*Source material*
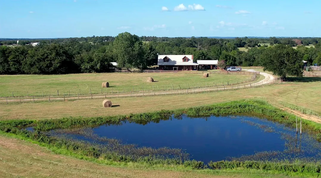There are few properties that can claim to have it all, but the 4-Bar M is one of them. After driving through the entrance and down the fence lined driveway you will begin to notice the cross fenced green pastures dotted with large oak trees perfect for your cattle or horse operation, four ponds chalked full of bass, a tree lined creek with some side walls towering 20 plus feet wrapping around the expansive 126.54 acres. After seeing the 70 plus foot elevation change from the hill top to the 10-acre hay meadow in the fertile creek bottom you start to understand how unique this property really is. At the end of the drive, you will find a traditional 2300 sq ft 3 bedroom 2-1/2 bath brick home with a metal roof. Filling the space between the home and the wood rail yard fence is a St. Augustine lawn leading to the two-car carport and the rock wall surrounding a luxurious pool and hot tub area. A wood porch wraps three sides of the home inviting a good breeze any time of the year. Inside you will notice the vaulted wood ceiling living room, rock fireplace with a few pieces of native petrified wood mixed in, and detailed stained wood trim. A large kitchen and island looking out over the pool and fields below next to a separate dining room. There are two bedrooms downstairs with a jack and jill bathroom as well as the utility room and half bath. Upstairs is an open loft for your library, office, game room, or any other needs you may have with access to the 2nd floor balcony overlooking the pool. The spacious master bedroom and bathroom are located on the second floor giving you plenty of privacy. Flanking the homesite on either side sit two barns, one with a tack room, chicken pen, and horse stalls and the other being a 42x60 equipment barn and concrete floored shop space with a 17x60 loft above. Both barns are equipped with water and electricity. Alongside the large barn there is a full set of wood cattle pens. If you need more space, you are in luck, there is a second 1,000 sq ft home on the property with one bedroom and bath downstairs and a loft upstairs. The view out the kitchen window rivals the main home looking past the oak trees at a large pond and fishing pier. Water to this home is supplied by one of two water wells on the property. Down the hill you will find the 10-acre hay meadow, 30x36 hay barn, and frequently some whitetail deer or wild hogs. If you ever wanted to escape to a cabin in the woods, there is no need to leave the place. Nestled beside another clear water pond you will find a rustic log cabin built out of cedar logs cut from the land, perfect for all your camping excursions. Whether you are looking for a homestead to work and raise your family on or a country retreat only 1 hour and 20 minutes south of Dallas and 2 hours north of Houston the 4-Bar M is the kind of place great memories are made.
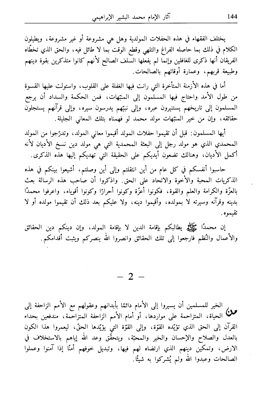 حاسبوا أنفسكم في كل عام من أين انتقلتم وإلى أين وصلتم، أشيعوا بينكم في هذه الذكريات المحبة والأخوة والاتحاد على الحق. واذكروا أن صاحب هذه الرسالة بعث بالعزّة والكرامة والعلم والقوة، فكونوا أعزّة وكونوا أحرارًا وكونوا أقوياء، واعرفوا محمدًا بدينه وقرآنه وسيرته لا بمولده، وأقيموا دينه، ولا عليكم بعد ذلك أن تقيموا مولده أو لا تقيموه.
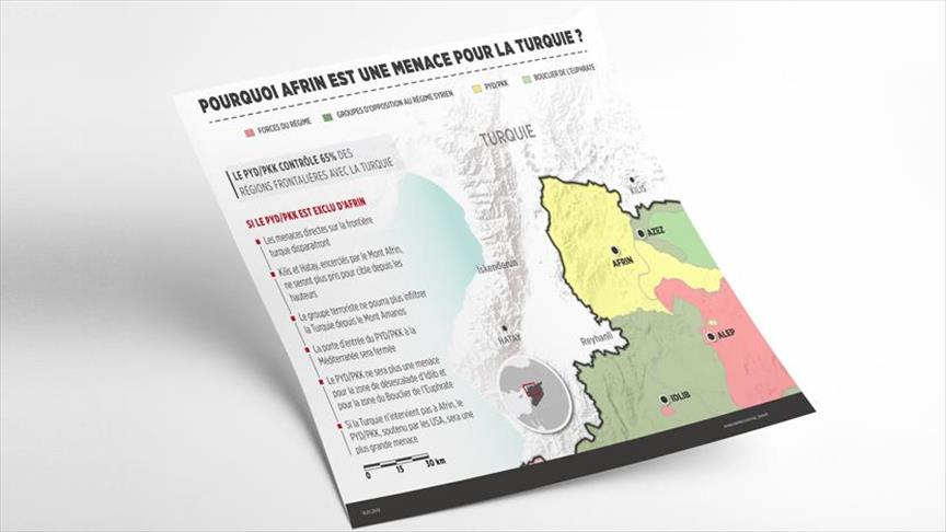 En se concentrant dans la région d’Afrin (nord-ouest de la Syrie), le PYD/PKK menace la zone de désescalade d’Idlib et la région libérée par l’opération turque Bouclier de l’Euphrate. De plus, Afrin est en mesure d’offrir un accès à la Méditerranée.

*About this task*
Here the lines from the one with "حاسبوا أنفسكم في" through the last line of the data above need to be repeated exactly, both included, and any picture omitted.

*Result of this exercise*
 حاسبوا أنفسكم في كل عام من أين انتقلتم وإلى أين وصلتم، أشيعوا بينكم في هذه الذكريات المحبة والأخوة والاتحاد على الحق. واذكروا أن صاحب هذه الرسالة بعث بالعزّة والكرامة والعلم والقوة، فكونوا أعزّة وكونوا أحرارًا وكونوا أقوياء، واعرفوا محمدًا بدينه وقرآنه وسيرته لا بمولده، وأقيموا دينه، ولا عليكم بعد ذلك أن تقيموا مولده أو لا تقيموه.
 En se concentrant dans la région d’Afrin (nord-ouest de la Syrie), le PYD/PKK menace la zone de désescalade d’Idlib et la région libérée par l’opération turque Bouclier de l’Euphrate. De plus, Afrin est en mesure d’offrir un accès à la Méditerranée.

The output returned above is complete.